I have taught art for many years and realise that it should be a personal journey,  one of the joys of the subject to teach is that nobody’s work is the same.  It is a great shame when learners start comparing their work to others and in many cases it steals all the joy and creativity out of the work, so why do we do it?

Two friends drawing
It can be hard not to compare your art.

Learning with a group of others has many benefits and you can learn so much such as new techniques, ways of using colour, composition and so one,  but as soon as you start to compare your work with theirs unfavourably it is a downhill journey.  I have taught many classes full of very talented learners and every now and then one or two tell me the can’t continue as they just ‘don’t feel good enough’. 

Art class
Try not to compare and let it get you down

Art is a strange subject in that the progress we made can take years without any obvious results at first, some start and seem to quickly develop then reach a plateau while others work away for years with a steady progress, it seems to be different for everyone. 

Confidence in art
Talented others can really knock our confidence if we fall into the trap of comparing.

A very talented young man joined a course once who excelled in all the drawing activities but as soon as we covered pastels and colour he seemed to become withdrawn and angry. 

He left the class early and later got in touch telling me he wouldn’t be back due to being the ‘worst in the group’.  This learner didn’t consider that he had many strengths where he found it easier than others in the group and as soon as he did experience an area that was more challenging he took off.

Drawing in a sketchpad
Challenges are all part of the journey of improving

One way of overcoming comparison is to think about your own personal reasons for doing art. What were your personal goals?  Do you enjoy art when you aren’t comparing your work with others?
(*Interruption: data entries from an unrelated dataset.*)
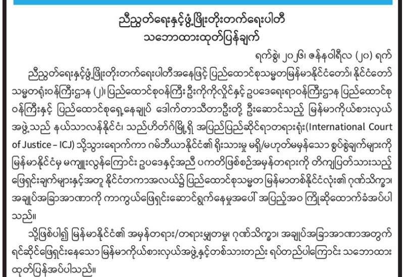 ညီညွတ်ရေးနှင့်ဖွံ့ဖြိုးတိုးတက်ရေးပါတီ သဘောထားထုတ်ပြန်ချက်
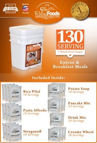 Relief Foods 130 Serving, 1 Month Emergency Food Supply Bucket, is our most popular and best selling emergency food bucket. Packed in strong oxygen resistant Mylar pouches, these 7 different entrée and breakfast menu items are among our top selling food items. Complete with Rice Pilaf, Pasta Alfredo, Stroganoff, Potato Soup, Orange Drink, Pancake Mix, and Strawberry Creamy Wheat meals this bucket is one of our most nutritionally packed and tasteful options. We have done the work of putting together the perfect 1 month food supply, so that all you have to do is decide on how many buckets you need to feel secure. With up to a 25 year shelf life you can feel comfortable knowing you have the value leader in your home for many years to come. A product and a company built with family in mind, this 1 Month Emergency Food Supply bucket shows why Relief Foods is a Value Leader in this industry.Feature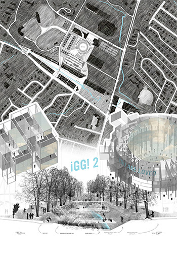 Team 2, which was led by landscape architecture professor Julie Bargmann, won the public, student, and faculty awards. The team envisioned connecting the community and university with Ivy Road by making the road an academic, environmental, and commercial hub for the western edge of Charlottesville. Using an existing culverted stream under the site as an organizational element, the proposal included a pedestrian mall, multi-level housing, and a bridge in memory of Morgan Harrington, a Virginia Tech student, who disappeared there in 2009. The team sought to create a place of empowerment and community.

It might be worth developing your work at home and start sharing it in a small way on an online forum before you launch yourself into a group class setting. 

Have you compared yourself with others in art classes?  Share your experiences below…

One thought on “The Dangers of Comparing

  1. I think it’s pretty hard to entirely avoid comparing yourself to others in in-person classes. Most of the time it doesn’t affect me too much; I just try my best to focus on my own work. I also remind myself that I’m there to learn. Our teacher taught us the helpful saying, “it’s impossible to look good and get better at the same time”. 🙂

    I notice some people are really down on themselves though, and often I can’t see why. I usually find something that I really like in their work. I find it inspiring to be in a class and see such different work from everyone, even though we might all be using the same reference image or still life.